Perhaps the more relevant state of vegetation in the Americas from perspective of Forestry and Range Management would be pre-human and not pre-Columbian potential natural vegetation. That hypothetical state of native vegetation cannot be determined retroactively (ie. theoretically reconstructed). Vegetation scientists cannot map, analyze, etc. pre-human (ie. completely "natural") vegetation in the Americas because Indians had already been here for thousands of years before land surveyors, explorers, ecologists, paleontologists, etc. came on the scene. Pre-Columbian potential natural (= climax) vegetation is the closest "state of Nature's plant communities" that modern man can estimate for pruposes of vegetation mapping and other forms of inventory and assessment.
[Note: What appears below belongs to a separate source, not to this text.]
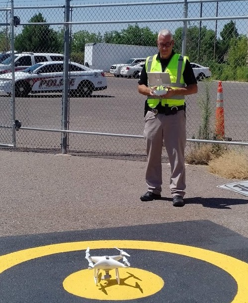 The New Mexico State Police, a statewide organization, also uses drones to assist in SWAT operations and to document crime and crash scenes. According to the agency’s recruitment page on Facebook, the drones are equipped with photogrammetry to create a three-dimensional model of a crash scene, high-definition lenses, and FLIR thermal imagery.

In final analysis, the designation and applications of vegetation that has been--as best as could be determined-- designated as pre-Columbian plant communities (including both seral and climax or potential natural) will always remain a valid benchmark. This includes such management and use designations as forest and rangeland cover (= dominance) types that are usually though not always estimations as to potential terminus of plant succession on specific groups of forest and range sites (ie. development of natural vegetation to its end point of dynamic equilibrium or advance of the series of plant communities on seres in absence of disturbances so severe as to drastically alter the site potential or, same thing, the potential endpoint of the sere).
The vegetation featured in this publication was, with a few exceptions, the climax or potential natural vegetation useful as native grazing lands. These native or, in some cases, naturalized plant communities constituted range, the major kinds of which were organized and described herein according to recognized units known as forest or rangeland cover (= dominance) types (Eyre, 1980; Shiflet, 1994). Vegetation classification units from other systems such as Forest and Rangeland Ecosytems (Garrison et al., 1977), biotic communities (Brown et al., 1998), and ecoregions (especially at Level III) of various agencies or bureaus were used when available and/or appropriate.